Although LDA and PLS-DA are very powerful classifiers, they generally only permit linear mapping from inputs to outputs [12], and therefore there is a desire to employ more sophisticated machine learning algorithms. Random forests (RF) are a technique used for classification and for the estimation of variable importance based on multiple decision trees [13] and have been used previously in e-nose data analysis for food quality control [14]. Another popular machine learning technique is based on support vector machines (SVM).
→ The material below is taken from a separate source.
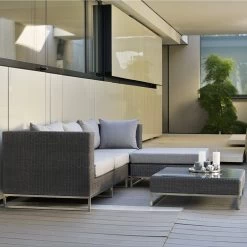 Stern Fontana Korpus Eckelement Geflecht basaltgrau inkl. Sitz- und Rückenkissen seidengrau 100% Polyacryl mit Reißverschluss
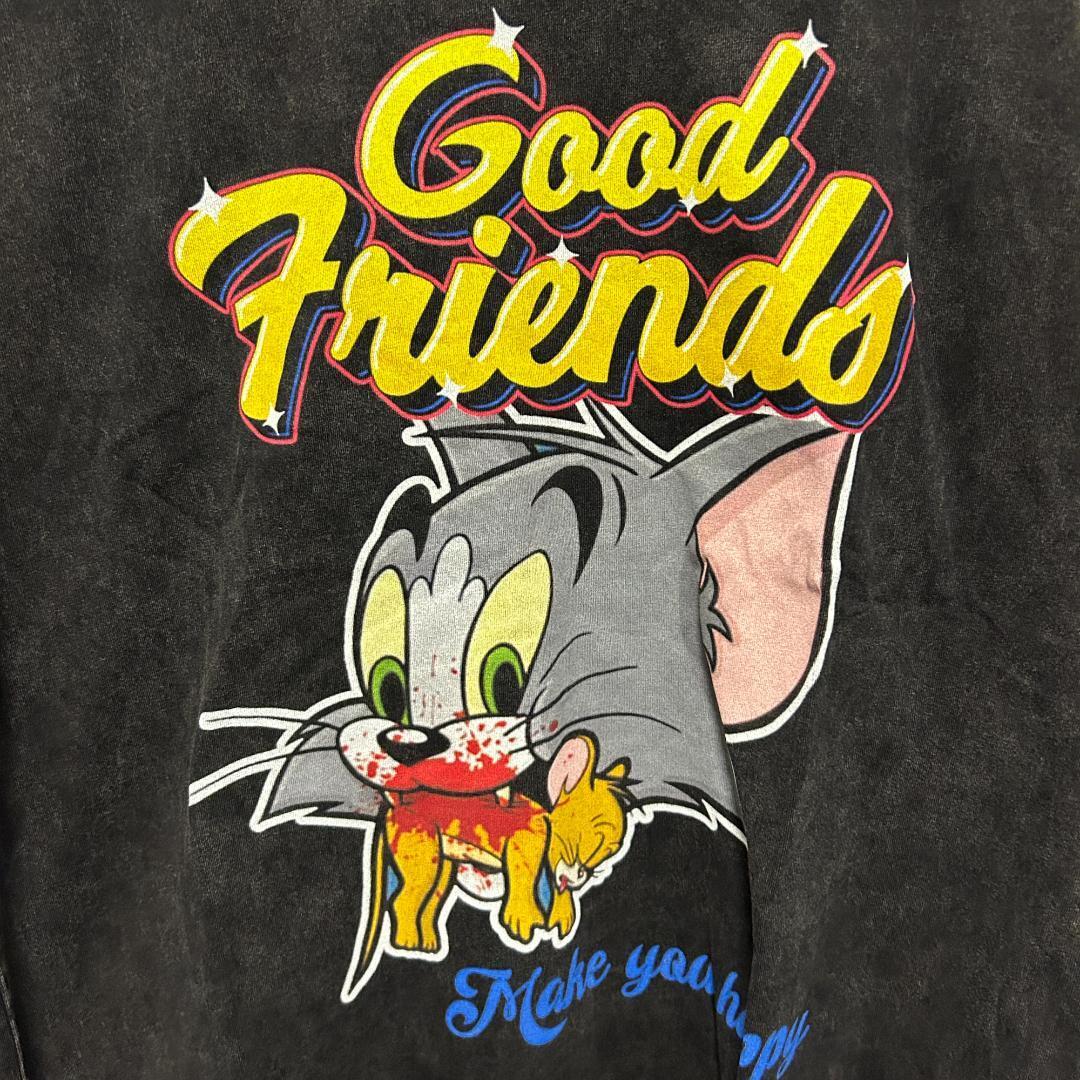 トムとジェリー メンズ Tシャツ 半袖 ケミカルウォッシュ 黒 XL L 新品 新品未使用 レトロ 個性的 奇抜 エモい バンドT カットソー 攻め 前衛的 ヴィンテージリプリント 古着 好き綿 男性 衣類 トップス お洒落 ハイデザイン 男性

These are kernel-based classification methods that determine the optimum boundaries (support vectors) that accurately separate classes with the maximum margin between them [15]. These methods have also been effectively used in the classification of e-nose data [16], for the measurement of vapour mixtures by using metal oxide gas sensors [17], in the detection of lung cancer [18], for the assessment of lymph nodes in the course of breast cancer diagnostics [19] and in olfactory signal recognition [20].

Wedge and colleagues [21] employed genetic programming (GP) for vapour classification and reported an average sensitivity and specificity of 0.91 and 0.96 for acetone, 0.86 and 0.88 for dimethyl methylphosphonate (DMMP), 0.79 and 0.87 for methanol, and 0.79 and 0.83 for propanol [21]. However, GP requires a high of expertise in programming, as the relevant cross-over and mutation rates need to be selected and the models constrained in order to reduce bloat, and thus cannot be widely used by non-experts [22, 23]. Therefore, in the present study, we have programmed four different chemometric approaches using the same data as a tool to compare more accessible chemometrics methods for the analysis of e-nose data. These included two discriminant analysis approaches (viz. LDA and PLS-DA), random forests, as well as four SVM which were employed with different kernel-based functions [24]. In order to allow objective comparisons, we used k-fold cross-validation [25] and bootstrapping with replacement [26], and for the test sets only, we compute classification prediction accuracy, sensitivity and specificity from all methods. Prediction accuracy (not to be confused with precision) corresponds to the proportion of the total number of correct predictions as calculated from confusion matrix (for further details, please see Table S1 and its descriptive statistics as shown in the Electronic Supplementary Material (ESM)).

Materials and methods

Data

In a previous study by Wedge et al., an e-nose sensor composed of arrays of organic field-effect transistors (OFETs) had been developed for vapour sensing [21]. As a result of difficulties in the fabrication of sensing materials that are essential for universal sensing [27], the authors focus only on four chemicals: acetone, DMMP, methanol and propan-1-ol. Additionally, these authors indicated that significant enhancement of sensitivity and specificity was accomplished by coating multiple transistors with different semiconducting polymers. Therefore, four OFETs based upon amorphous polytriarylamines (PTAA) were used, and these comprised three terminals (source, drain and gate) based on organic semiconducting polymers in their conductive channel. These were chosen to deliver materials with different electron-donating properties and flexibilities and hence chemical-sensing abilities [21].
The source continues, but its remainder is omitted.